As a follow-up to my earlier article on the Deepwater Horizon crisis, here are lead-ins and links to two more articles on the duration of oil spills in nature, and on the limited liability of aggressive polluters according to recent Supreme Court rulings.
*********************************
More than 20 years after the Exxon Valdez foundered off the coast of Alaska, puddles of oil can still be found in Prince William Sound. Nearly 25 years after a storage tank ruptured, spilling oil into the mangrove swamps and coral reefs of Bahia Las Minas in Panama, oil slicks can still be found on the water.
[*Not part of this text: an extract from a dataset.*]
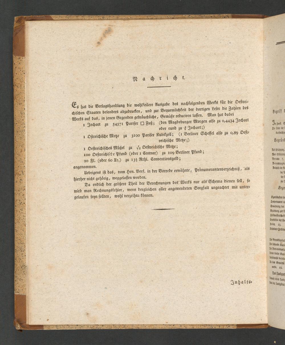 Erster Band (1811) Begründung der Lehre und des Gewerbes : Oekonomie oder die Lehre von den landwirthschaftlichen Verhältnissen

And more than 40 years after the barge Florida grounded off Cape Cod, dumping fuel oil, the muck beneath the marsh grasses still smells like a gas station.
"The conventional wisdom then was that the oil would only last for a few days," says marine chemist Chris Reddy of the Woods Hole Oceanographic Institution, who is part of the "third or fourth" generation of scientists to study the Florida spill. "But in this small area you have chemical warfare still going on."... See full article (May 14, 2010)
*********************************
Oil giant ExxonMobil will pay the equivalent of 24 hours worth of petroleum sales to the people impacted by the 11 million gallons (41.5 million liters) of crude oil spilled into Prince William Sound in Alaska in 1989 when the drunken skipper of the Exxon Valdez allowed the tanker to run aground, according to a U.S. Supreme Court decision. The ruling caps the total damages assessed to the company at $507.5 million, a fraction of the $5 billion a jury initially awarded in 1994.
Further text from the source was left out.